Not sure as to how to approach this.

3 Replies

How can I structure a deal that the seller is very motivated but owes $128, arv $150k, and needs $5k to move into assisted living?

If you figure a 6% commission to sell at $150K you are left with $141K not including closing costs of a couple thousand approximately. If that leaves you $139K you can subtract the $5K that the seller needs and that leaves $134K. They owe $128K so that leaves $6K. The seller will have some closing costs that will eat away at the $6K. What was your plan for the property? 

I was hoping to do a lease option on it.

First:

Do your homework for your area. Find out what closing costs for buying sub-to or seller finance. Find out about selling with seller finance using your attorney. Know foreclosure time frames and costs if you sell with seller financing in case you need to take a property back.

Make sure the seller knows you're in it to make money that their loan has a due on sale clause and what that means for them if it gets called due if you buy sub-to or with seller finance with a wrap device. Get it in writing and have your attorney go over it with the seller.

Disclose to the buyer about the due on sale. And think about your outs if it does get called. Chances are slim that it will get called, but you have to plan for the worst. If you're not prepared for the worst, don't do the deal.

That said, however, I would get the purchase and sale agreement signed with the terms you and the seller agree to, give your consideration to your seller, then take it to your attorney. He'll tell you to adjust if needed and put together all the disclosures required by law.

For me to structure it, I need to know what the seller's PI (principal and interest) payment is. If his payments are pretty low to where if I sell with a payment structure (lease or seller finance) and get cash flow, I would consider this deal.

I would buy for what he owes either sub-to or seller finance with no down or balloon (long term balloon if the seller wants one). You need time to get a seller finance buyer qualified to get a loan and cash you both out). Sub-to is preferred but either serves my purpose. My payments will be equal to the seller's PI payment under both scenarios.

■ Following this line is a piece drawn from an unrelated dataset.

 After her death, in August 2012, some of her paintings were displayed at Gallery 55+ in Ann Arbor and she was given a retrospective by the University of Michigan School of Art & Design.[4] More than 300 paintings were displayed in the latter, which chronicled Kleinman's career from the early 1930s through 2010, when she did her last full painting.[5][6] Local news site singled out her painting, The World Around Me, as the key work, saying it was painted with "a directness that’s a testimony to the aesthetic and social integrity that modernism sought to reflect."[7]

I would negotiate the $5000 moving money down as much as possible. I don't think I like the deal with $5k going to the seller. If he's motivated, he may be willing to accept less.

If I lease option it from him, I can't sell with seller financing which is my preferred out in this case because I'll be able to get more up front. No Realtor involved. Just my attorney which will involve costs.

My exit is seller finance to get more up front. If I lease option it out for $150k and get 3% for the option deposit, I only get $4500. Not much especially if I have to give my seller $5k.

If I sell with seller financing and if I can get 10% or $15,000 down with a 2 or 3 year balloon, I'll hopefully have enough to cover my closing costs and whatever cash I agreed to give the seller, and still have some money put aside for the what-if's. Foreclosure costs if you need to foreclose on your buyer and have enough money banked for several months of payments if a foreclosure takes that long in Indiana.

Talk to your attorney about putting together this type of deal after you've got an agreement signed. There may be specifics that you'll need to adjust and account for afterwards. And if the seller is motivated, they shouldn't kill the sale.

Regarding payment, I want to my payments from my buyer bigger than the PI payments going out to the seller's underlying loan and structure the buyer's note to me so the paydown is slower than the paydown of the seller's loan. Why? I get some cash flow and some equity build up until my buyer cashes me out. Again, check with your attorney on structuring it this way. Taxes and Insurance should be the responsibility of your buyer.

Then when my buyer buys, I get the difference between what's owed to me ($135k - any paydown) and what I owe to my seller ($128k - paydown).